Abstract
Phage integrase-based circuits are an alternative approach to relying on transcriptional and translational repression for biomolecular circuits. Previous research has shown that circuits based on integrases can perform a variety of functions, including counters, Boolean logic operators, memory modules and temporal event detectors. It is therefore essential to develop a principled theoretical and experimental framework for the design, implementation and study of such circuits. One of the fundamental questions that such a framework should address concerns the functionality limitations and temporal dynamics of the integrases as regulatory elements. Here, we test the functionality of several large serine integrases from a recently published library in a cell-free transcription-translation (TX-TL) platform. Additionally, we use a combination of experimental data and models to investigate integrase dynamics as a function of enzyme concentration and number of binding sites.
We report that sequestration of integrase molecules, either in the form of monomers or dimers, by the integrase's own binding sites dominates integrase dynamics, and that the delay in the activation of the reporter is negatively correlated with integrase plasmid concentration. We have validated our sequestration hypothesis by building a model with MATLAB’s SimBiology toolbox, and running simulations with various integrase and binding sites concentrations. The simulation results qualitatively match the experimental results, and offer further insights into the system.
Introduction
One of the main goals of synthetic biology is to unveil the design principles of biomolecular circuits, as well as to use this knowledge to engineer circuits with desirable properties. So far, the main approach has been to rely on transcriptional and translational regulation in order to manipulate the characteristics and behavior of biomolecular circuits.
A novel, alternative paradigm is emerging, in which phage integrases are used as the main regulatory elements of biomolecular circuits. Integrases are proteins that modify DNA and are often used by viruses as part of the lysogenic machinery. Previous research has shown that circuits based on integrases combined in novel ways (possibly with nested recognition sites) can perform a variety of functions, including counters [1], Boolean logic operators [2, 7], memory modules [3] and temporal event detectors [4]. In order to take full advantage of the range of possible functions that can be achieved by integrase-based circuits, it is necessary to develop a principled theoretical and experimental framework for the design, study and implementation of these circuits. Such a framework should address functionality limitations, temporal dynamics, design principles and experimental protocols for the implementation of phage integrases as regulatory elements of engineered circuits.

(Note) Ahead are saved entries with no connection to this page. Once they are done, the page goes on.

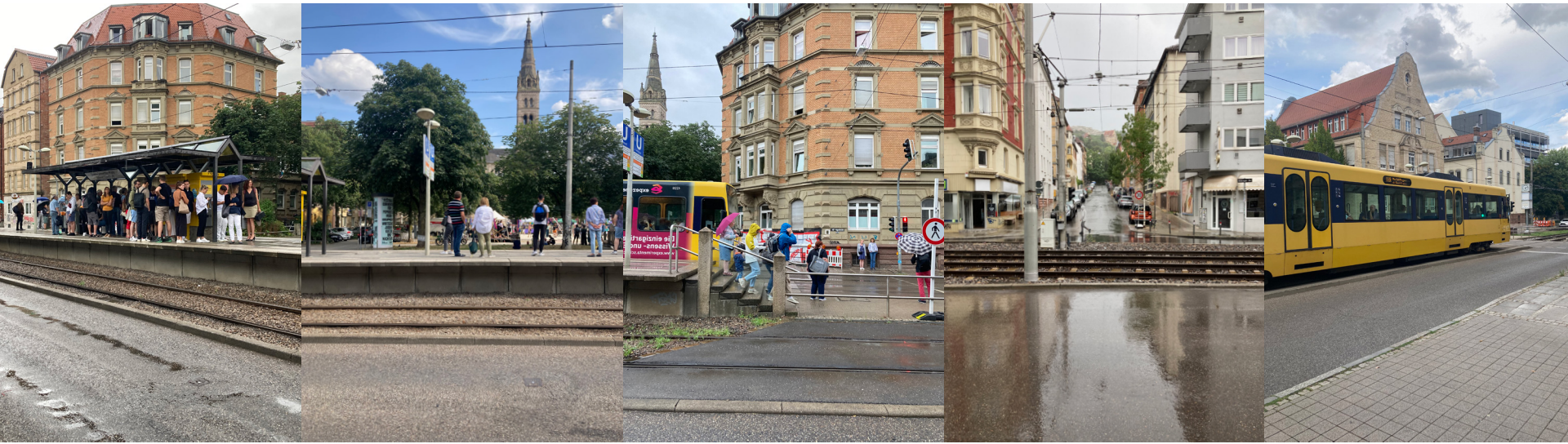
umgebung: u-bahn-station erwin-schoettle-platz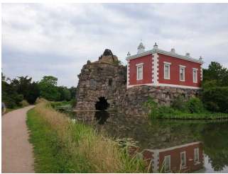
Insel Stein mit Villa Hamilton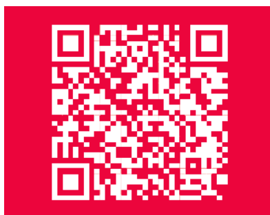
Ein Stück Sicherheit im Alltag: Download der Broschüre »Für alle Fälle«

bleiben. Flankiert wird diese Infrastruktur durch die exzellente Ausbildung der Ehrenamtlichen. In realistischen Einsatzübungen trainieren sie den Umgang mit extremen Stresssituationen und komplexen Bedrohungslagen.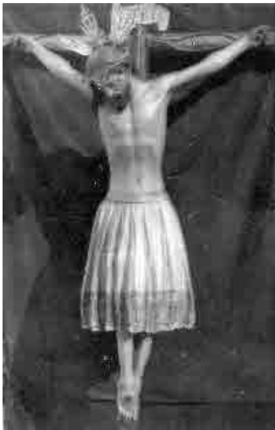
Lám. 9. Pedro Duque Cornejo. Cristo de Burgos . Segundo cuarto del siglo XVIII. Parroquia de Nuestra Señora de la Estrella. Chucena (Huelva).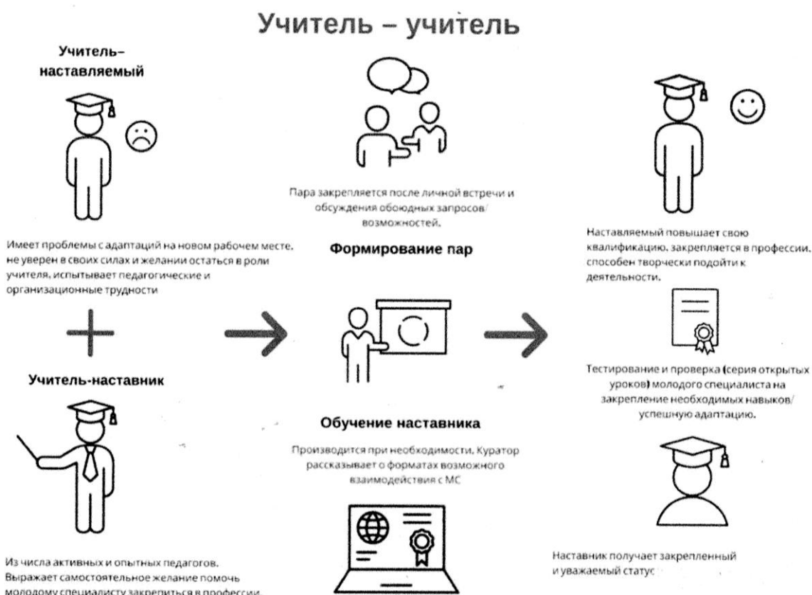
Рис.1 Форма наставничества «учитель – учитель»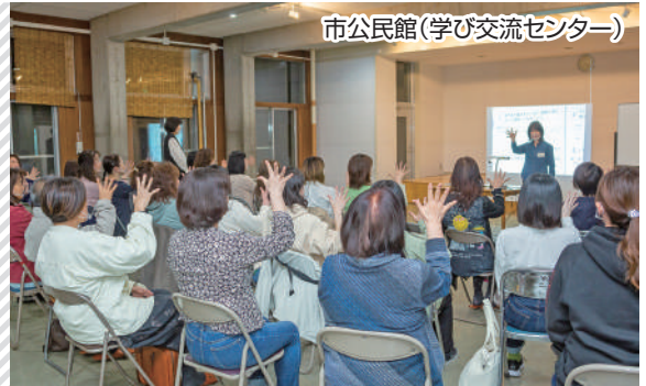
市公民館(学び交流センター)

One of the fundamental questions that such a framework should address concerns the functionality limitations and temporal dynamics of large serine integrases as regulatory elements. We have tested the functionality of several large serine type integrases from a recently published library [5] in a well-mixed cell-free transcription-translation (TX-TL) platform. In addition, we have explored experimentally and through mathematical modelling and simulations how integrase dynamics depends on the concentration of integrase and that of its binding sites.
The TX-TL platform is a cell-free expression system consisting of bacterial cell extract (lysate) and buffer; It allows implementation of biomolecular circuits quickly and efficiently as plasmid systems or even as pieces of linear DNA [6]. We measure the outputs of the implemented circuits through time-course bulk fluorescence readings.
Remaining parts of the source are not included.